In our case, the LSAT substrate is cubic: LSMO is rhombohedral in the bulk, with an a -a -a -rotation pattern -neighboring octahedra along all axes rotate in opposite directions (out of phase) -with an Mn-O-Mn bond angle of 166.3 ○ ; 22 CRO is orthorhombic in the bulk, with an a -a -c + rotation pattern -neighboring octahedra rotate the same amount in opposite directions along the a and b axes, but along the c axis, the octahedra rotate together (in phase) -with a Ru-O-Ru bond angle of 149.8 ○ along a and b, and 149.6 ○ along c. 27 CRO has a much larger bond-angle deviation from LSMO than either NdGaO 3 or SrIrO 3 and therefore could also give rise to distortions and magnetic changes in LSMO. These lattice distortions are a result of competition between the LSMO and CRO structures. When the CRO layers are very thin compared to the LSMO, the CRO will take on the rotation pattern of the underlying LSMO lattice. Thicker CRO overlayers may increasingly distort the LSMO surface layers, modifying the measured magnetic anisotropy in FMR measurements more than in SQUID measurements. The differences in magnetic anisotropy measured by FMR are observed once the CRO layer is sufficiently thick, in this case around half the thickness of the 20 nm LSMO layer.
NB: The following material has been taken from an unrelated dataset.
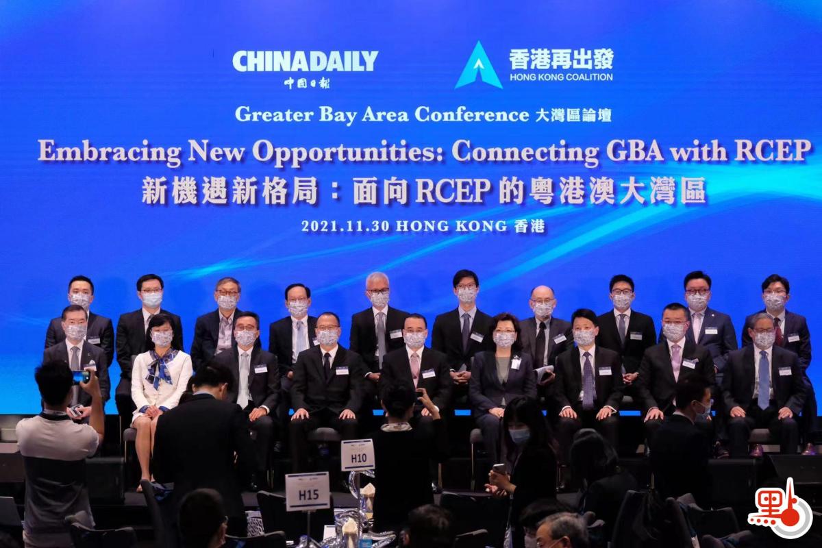 由中國日報和香港再出發大聯盟合辦,主題為「新機遇新格局:面向RCEP的粵港澳大灣區」的大灣區論壇今日(30日)舉行,論壇將會着重探討文化旅游業、金融服務及專業服務等在內的不同行業,該如何共同合作以把握粵港澳大灣區的發展機遇,同時探討可持續文化遺產的發展及開發大灣區旅游業的合作,吸引逾400名政商學界人士以線上線下結合的方式参會。全國政協副主席梁振英因須前往北京開會,遂以視像方式發表主旨演講,對未能親身出席論壇感抱歉。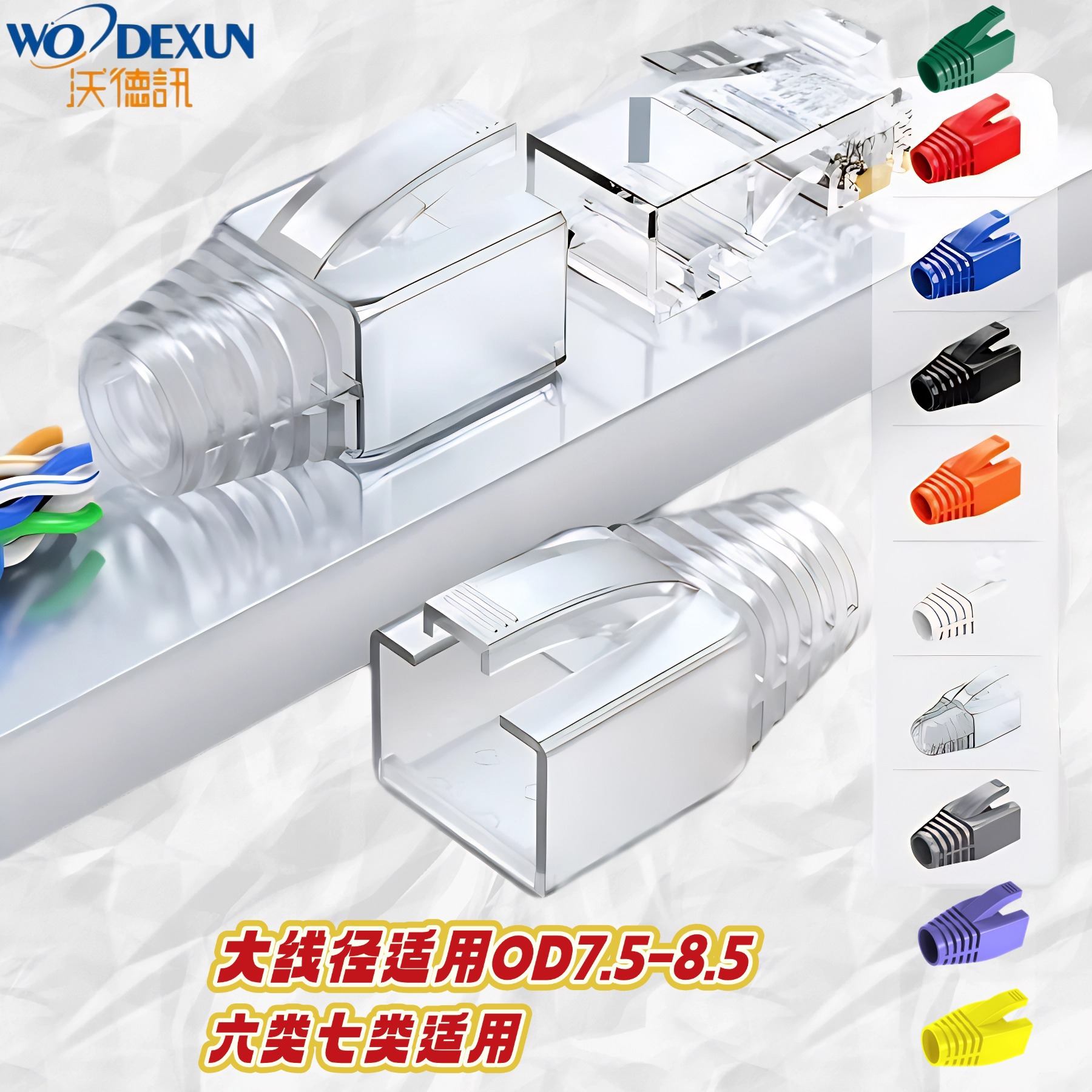 クリスタルヘッド保護カバー7種類8p 8cゴムカバーRJ45ネットワークケーブルOD8.5mm 7種類のクリスタルヘッド保護カバー

In summary, we developed LSMO films with low intrinsic damping and combined them with CRO layers. The increase in the effective Gilbert damping with CRO thickness is indicative of spin pumping into the CRO. Most significantly, the addition of the CRO layer can change the magnetic properties of LSMO, reducing the out-of-plane anisotropy and rotating the magnetic easy axis within the plane. These results are consistent with a structural change (as seen by XRD) imposed on the LSMO by the CRO layer as it becomes thick enough to influence the underlying magnetic layer. Such structurally-induced magnetic changes may be tunable -for example through magnetoionics 28,29 or integration with ferroelectric materials [30][31][32] -and are potentially important to the development of these architectures. Therefore the epitaxial integration of different oxide materials offers additional degrees of freedom which may be exploited to engineer functional devices.